Semi-official media in Saudi Arabia, an absolute monarchy with no elected parliament, attacked the results as undemocratic.
"Falsifying the results is the easiest of tasks for a religious-security regime that does not believe in leaving to chance what it considers to be its right," wrote Abdul-Rahman al-Rashed in Saudi daily Asharq al-Awsat.
Saudi-owned Al Arabiya TV, which has had extensive coverage, said Iran had closed its office for a week without reason. "The Saudis are paranoid about Iran and have even more reason to be so after Ahmadinejad's reelection," said a Western diplomat in Riyadh. "They had no illusions that anything there would be a major policy change."

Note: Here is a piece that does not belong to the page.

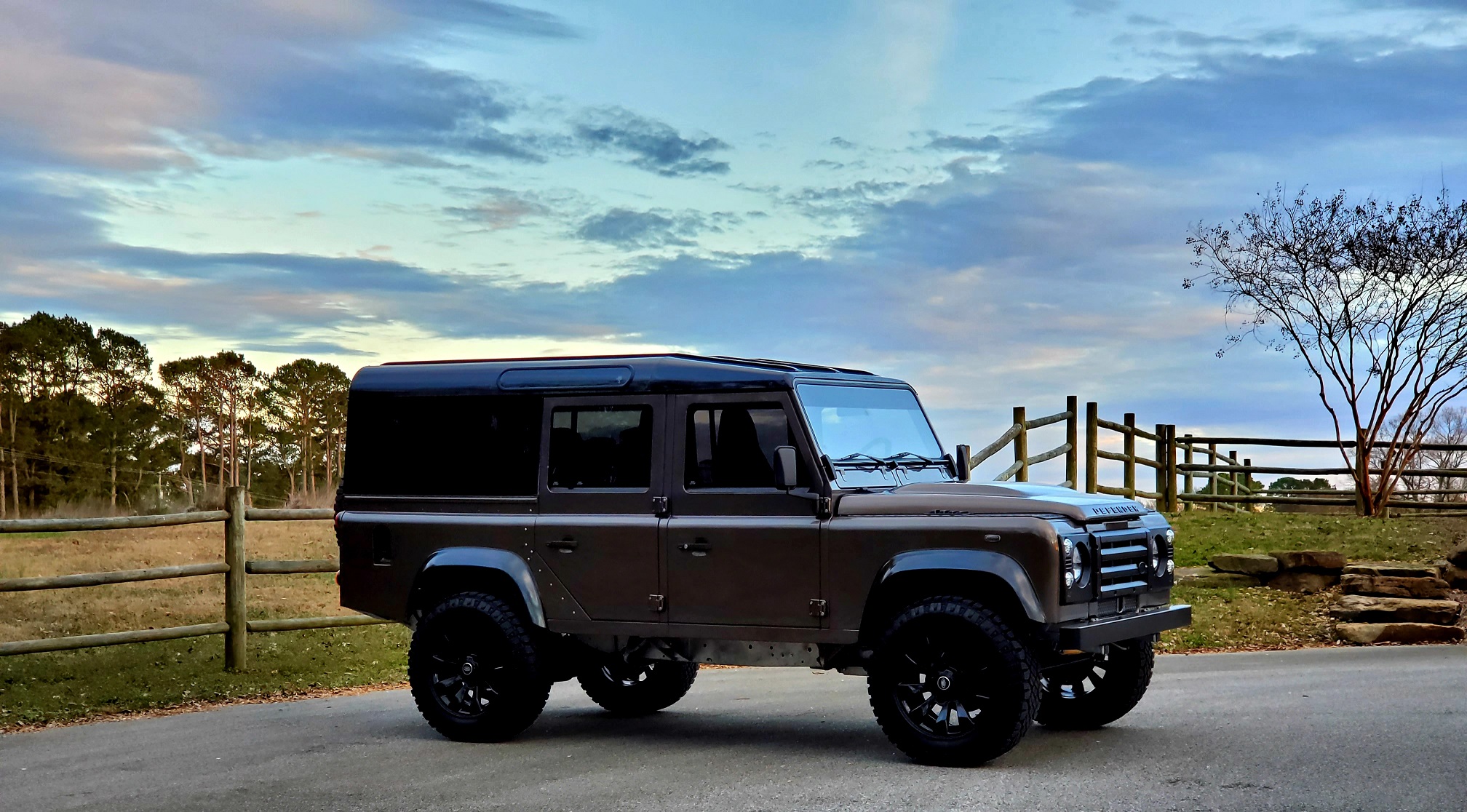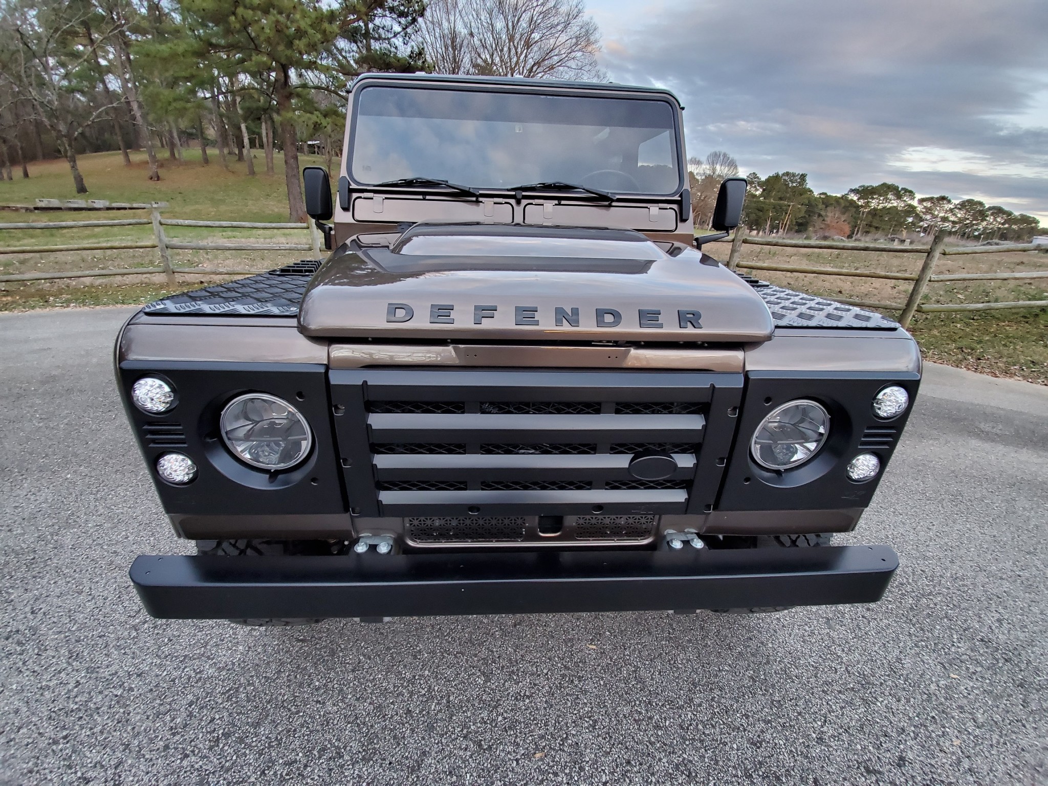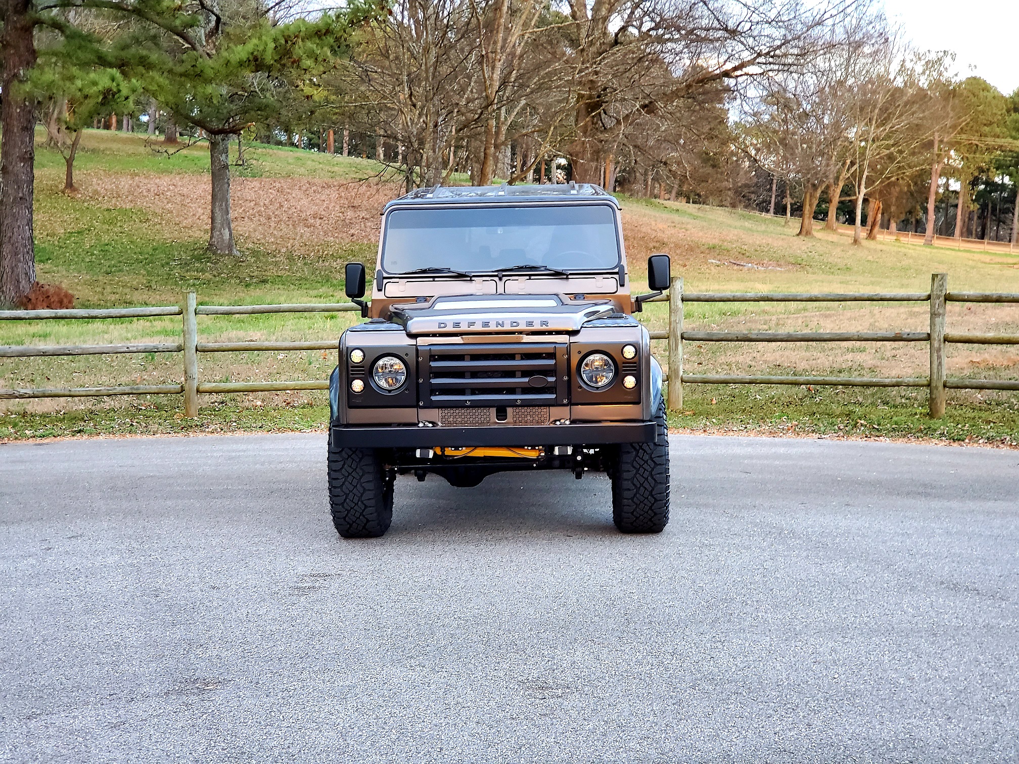 Black 18″ wheels wear Land Rover center caps and 275/65 Goodyear Wrangler Duratrac tires. Braking is handled by four-wheel discs with a replacement master cylinder, lines, calipers, and pads.

Ahmadinejad's landslide victory in Friday's election has been contested by his opponents, prompting street protests. The win has disconcerted Western powers trying to induce the world's fifth-biggest oil exporter to curb its nuclear program.
Tehran denies Western charges, backed by Arab states led by Saudi Arabia, of seeking to develop nuclear weapons.
Saudi Arabia sees itself as the leader of Sunni Islam and fears Washington will recognize Iran as a regional power in an eventual rapprochement.
But many smaller Gulf states, keen to preserve good relations with Shi'ite minorities, have maintained traditionally friendly ties with Tehran.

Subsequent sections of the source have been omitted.